__ACTIVITY__
The answer must reproduce the listing exactly, with every picture left out.

__DATASET EXTRACT__

────────

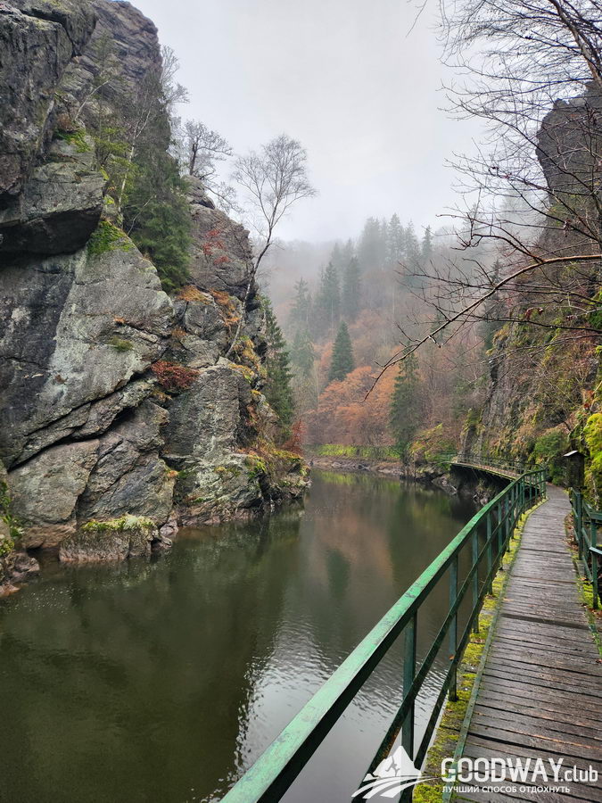 Далее спускаемся в каньон реки Йизера, и пройдёмся по петляющей тропинке вдоль берега, наслаждаясь шумящими порогами, видами со смотровых и скалами.
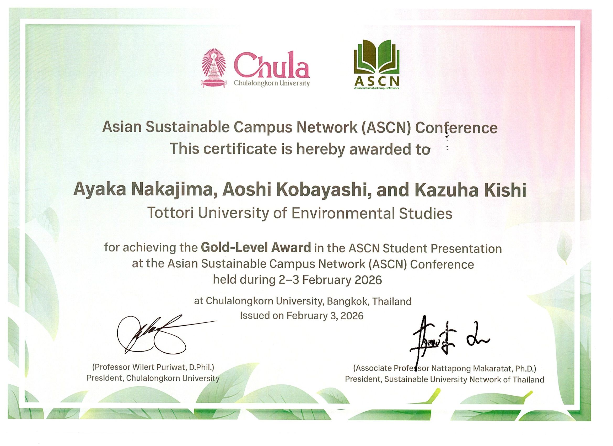 2026年2月2日(月)~2月3日(火)にタイ・チュラロンコン大学で開催されました10th ASIAN Sustainable Campus Network(ASCN)Conferenceにおいて本学の中島彩花さん(経営学部1年)、小林碧志さん(環境学部4年、堀ゼミ)、岸和葉さん(環境学部1年)の発表 “A Student-Led Campus Initiative for Sustainability Engagement: The Practice of TUES Sustainability Week” が学生プレゼンテーション部門においてGold-Level Awardを受賞しました。
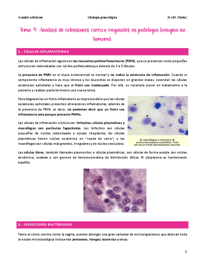 He publicado nuevos apuntes de Citología ginecológica: TEMARIO 23/24
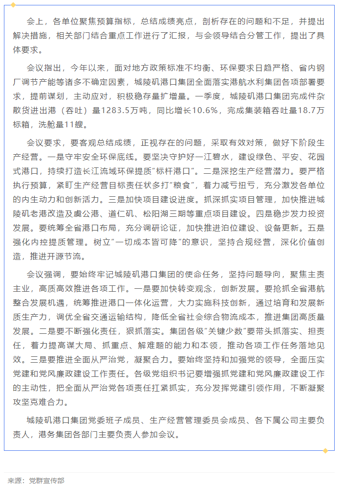 城陵磯港口集團召開(kāi)一季度生產(chǎn)經(jīng)營(yíng)分析會(huì )

────────

__EXERCISE RESPONSE__
 Далее спускаемся в каньон реки Йизера, и пройдёмся по петляющей тропинке вдоль берега, наслаждаясь шумящими порогами, видами со смотровых и скалами.
 2026年2月2日(月)~2月3日(火)にタイ・チュラロンコン大学で開催されました10th ASIAN Sustainable Campus Network(ASCN)Conferenceにおいて本学の中島彩花さん(経営学部1年)、小林碧志さん(環境学部4年、堀ゼミ)、岸和葉さん(環境学部1年)の発表 “A Student-Led Campus Initiative for Sustainability Engagement: The Practice of TUES Sustainability Week” が学生プレゼンテーション部門においてGold-Level Awardを受賞しました。
 He publicado nuevos apuntes de Citología ginecológica: TEMARIO 23/24
 城陵磯港口集團召開(kāi)一季度生產(chǎn)經(jīng)營(yíng)分析會(huì )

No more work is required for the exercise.